Menikah Dengan Pangeran Dari Alam Ghaib
Bab 253


__ADS_3

"Maha guru! Apa yang sedang kalian lakukan di sini? Pantas saja kami sangat kesulitan untuk mencari keberadaan kalian. Ternyata kalian sedang dikurung di sini? Siapa yang sudah berbuat lancang seperti ini kepada kalian berdua?" tanya Ajudan Ratu Penguasa Pantai Selatan yang merasa heran melihat Mahaguru yang sekarang diikat dengan menggunakan tali gaib.

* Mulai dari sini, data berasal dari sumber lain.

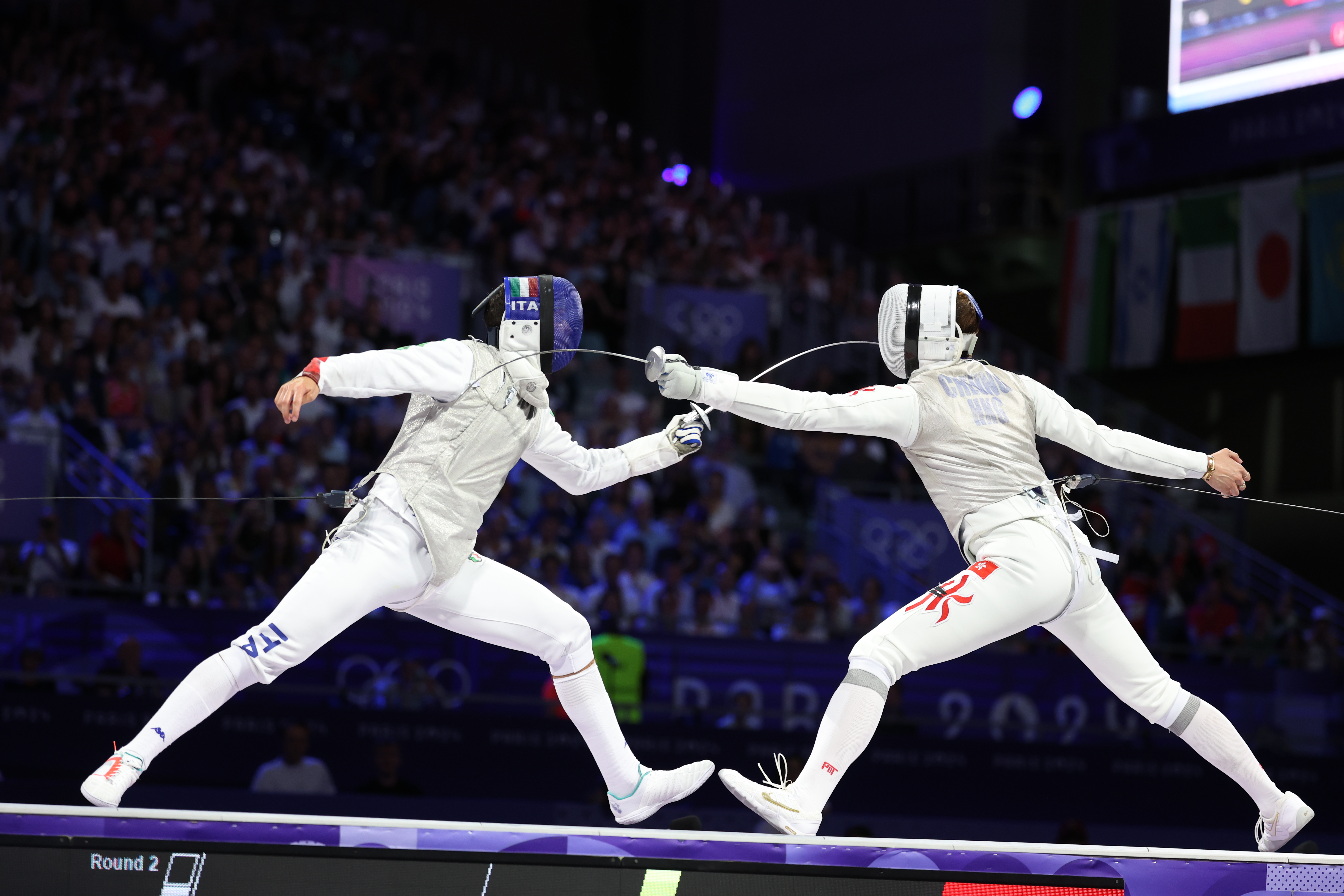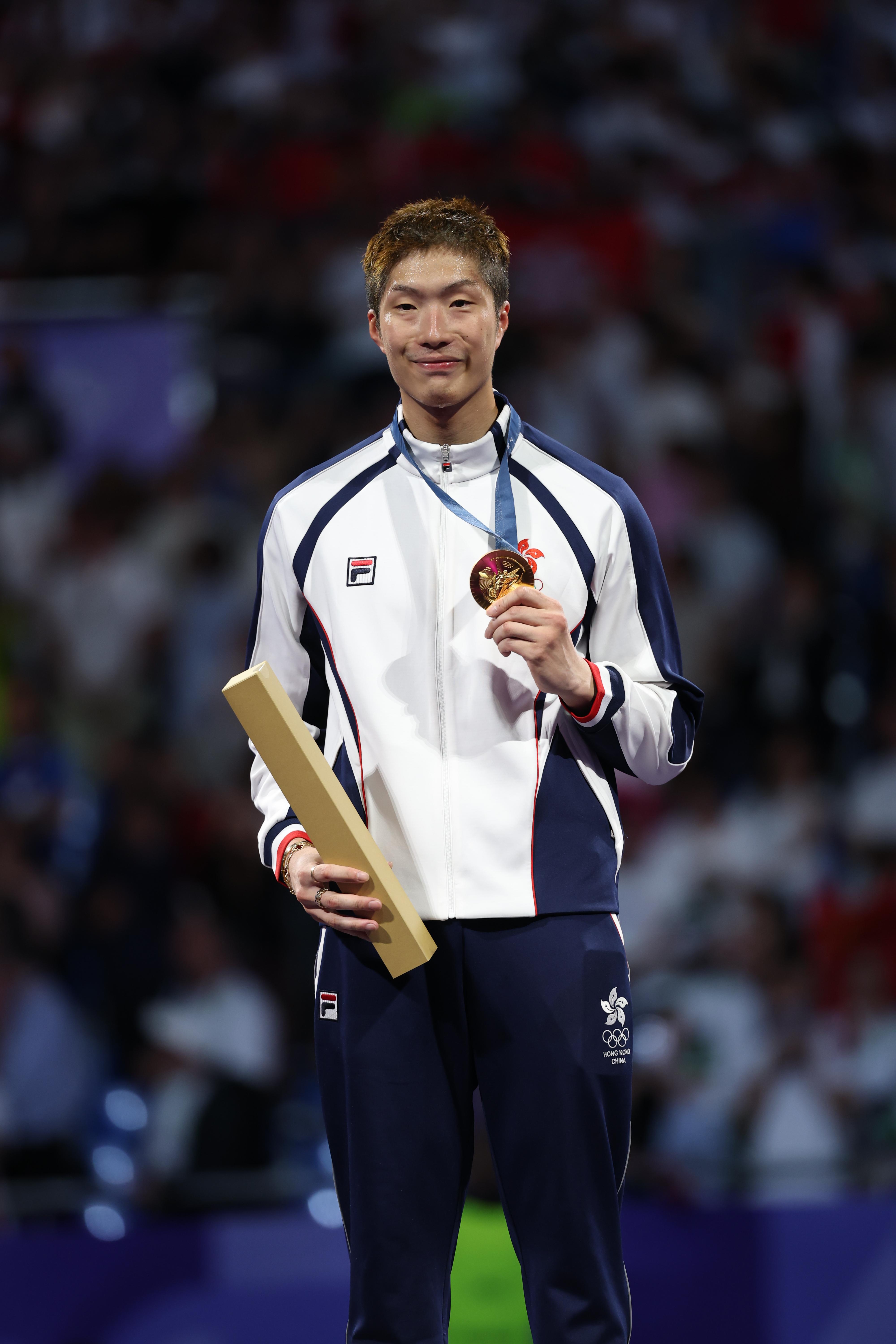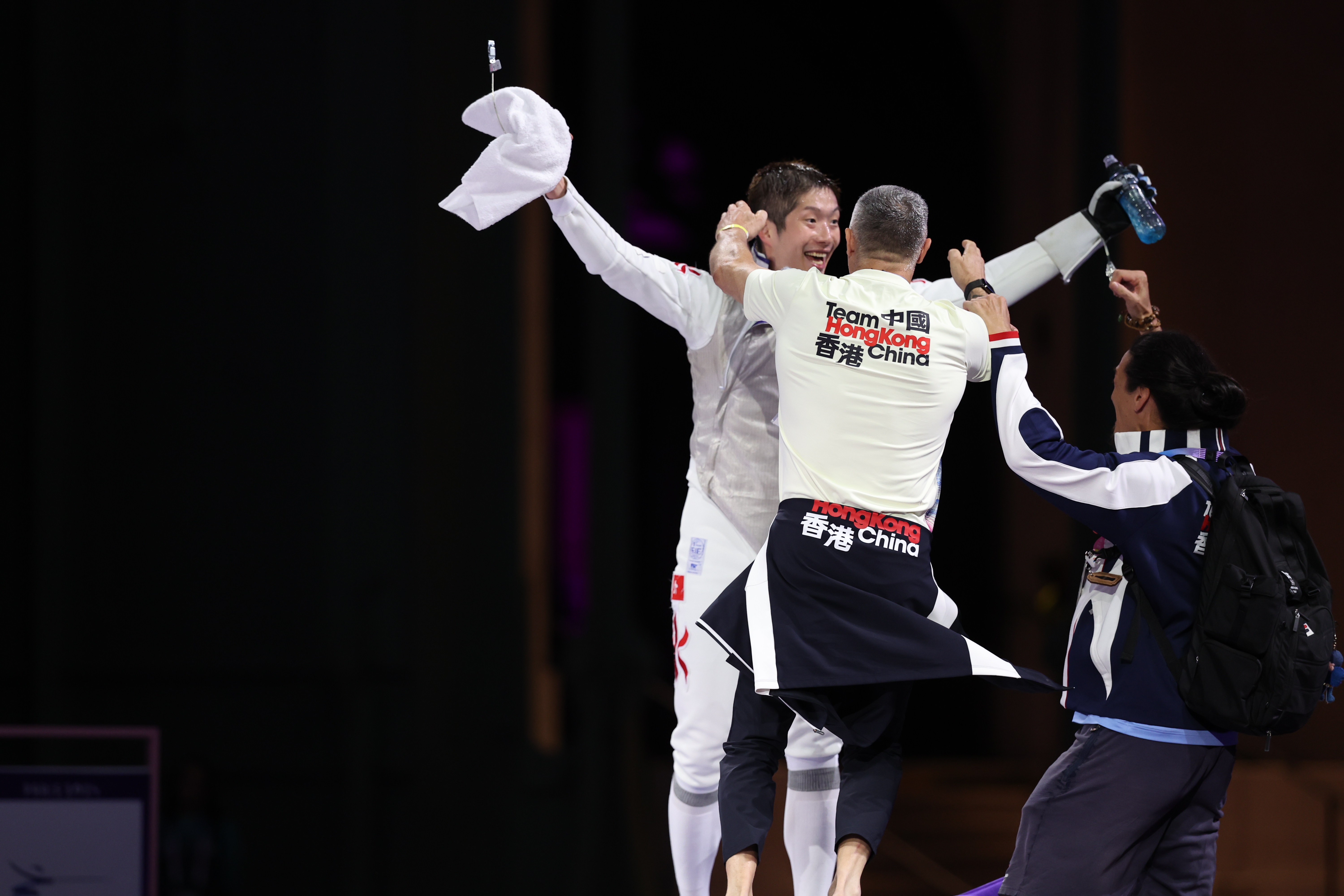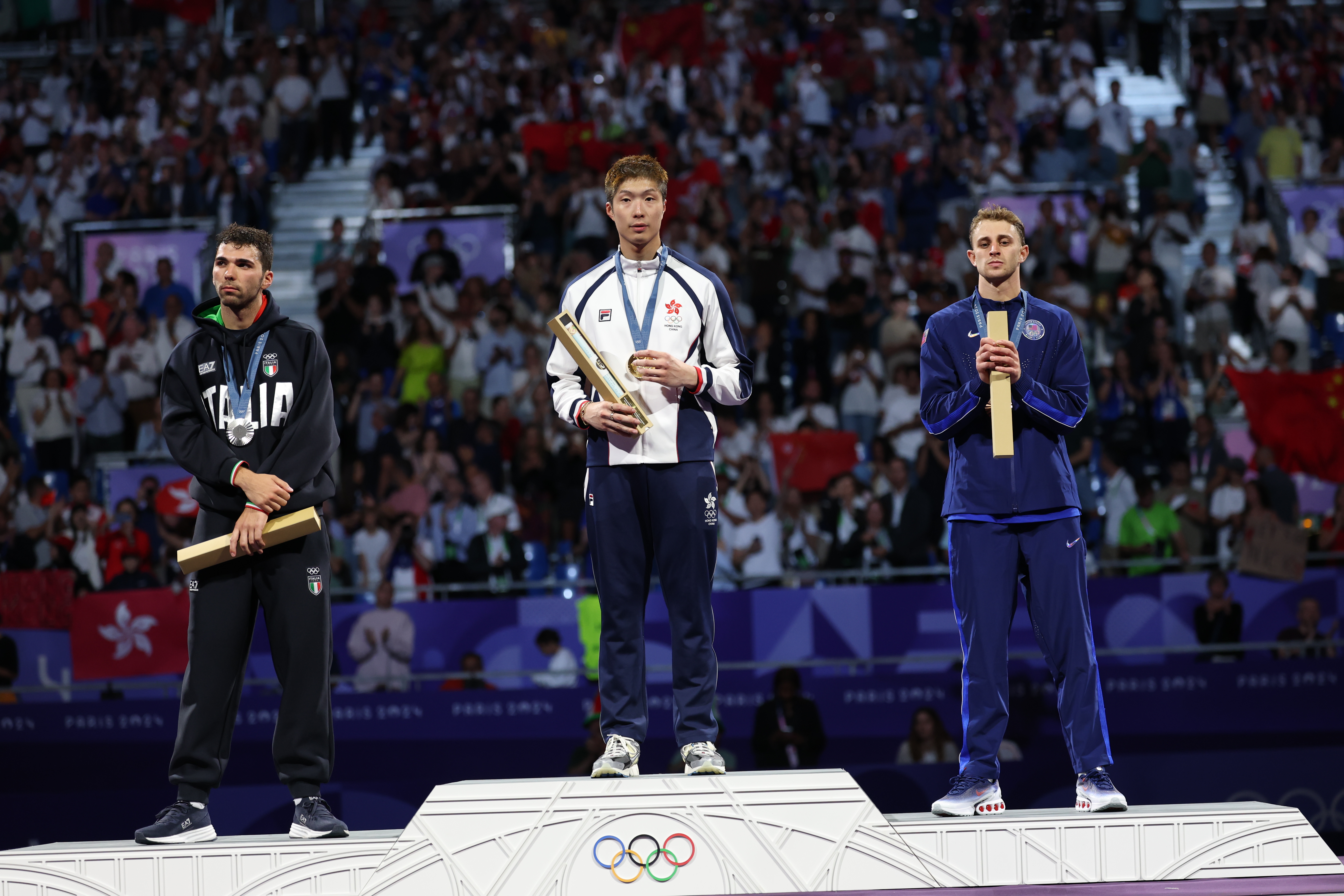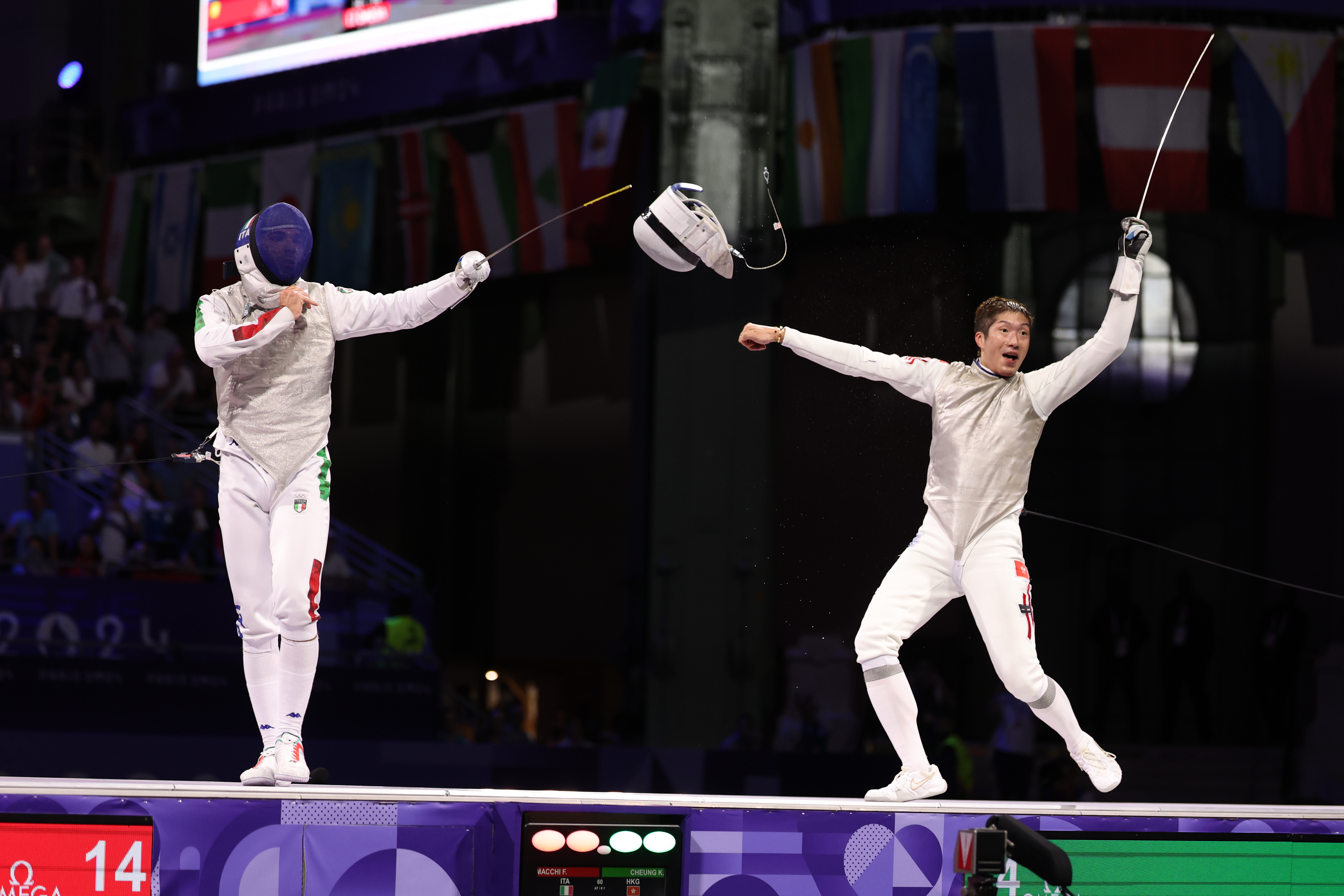 29日,在巴黎奥运会击剑男子个人花剑决赛中,中国香港选手张家朗战胜意大利选手马基获得金牌。
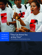 visions, among other laws. It draws from interviews with individuals facing charges, former political prisoners, journalists, students, activists, and members of civil society organizations. The new NLD-led government has taken strong first steps to release political prisoners and repeal abusive laws, but with Burma’s constitution giving the militarycontrol of the police, arrests under these abusive laws continue. Human Rights Watch calls on the government to drop all pending and new charges against peaceful critics and protesters and make it a priorityto dismantle the legal infrastructure of repression in Burma by amending or repealing all laws thatcriminalize peaceful expression and bringing them into line with international human rights standards." (Back cover)

"Semua ini gara-gara leluhur dari istana kerajaan ular hijau yang sudah membodohi kami berdua. Kami sedang berbaik hati untuk menyembuhkan penyakit mereka, tetapi ternyata mereka membohongi kami. Aih, nasib orang yang terlalu baik hati seperti kami akhirnya berada di dalam penjara ini. Ajudan Ratu Penguasa Pantai Selatan! Apakah kau bisa mencoba untuk menolong kami?" tanya Mahaguru kepada sang ajudan yang kemudian mengerahkan semua kekuatannya ke pedang yang dia miliki.


Dengan satu kali tebasan kunci yang melingkupi penjara di mana Maha guru dan Hanin di kurung di sana. Tempat itu tidak dilingkupi dengan pagar gaib yang terlalu kuat sehingga bisa dengan mudah ditembus oleh Ajudan Ratu Penguasa Pantai Selatan yang sakti.


"Syukurlah akhirnya kita bisa bebas juga dari penjara ini. Kita bisa membalaskan dendam ini kepada mereka bersepuluh yang sudah menghianati kita." ucap Mahaguru yang terlihat lebih terang kepada 10 orang leluhur dari istana kerajaan ular hijau yang begitu tidak tahu terima kasih karena mengurung mereka di penjara.


Hanin hanya menatap Mahaguru dia tidak terlalu banyak berkomentar tentang hal itu. Kesepuluh orang itu saat ini sedang memasuki ruangan rahasia tempat mereka melakukan semedi. Jadi wajar kalau mereka tidak mengetahui keberadaan Ajudan Ratu Penguasa Pantai Selatan yang kini sudah membebaskan Mahaguru dan Hanin.


"Sudahlah tidak usah memperpanjang urusan itu lagi. Aku lelah! Sebaiknya sekarang kita selesaikan urusan untuk membebaskan jiwa Putri Ayuningtyas. Untuk masalah itu, kita lupakan saja. Anggap saja kita bersedekah kepada mereka. Beres bukan?" tanya Sang leluhur yang malas memusingkan tentang dendam dan kemarahan.


Maha guru menundukkan kepala. Karena dia merasa malu dengan sang leluhur yang begitu legowo mau menerima kejahatan yang sudah dilakukan sahabatnya kepada mereka.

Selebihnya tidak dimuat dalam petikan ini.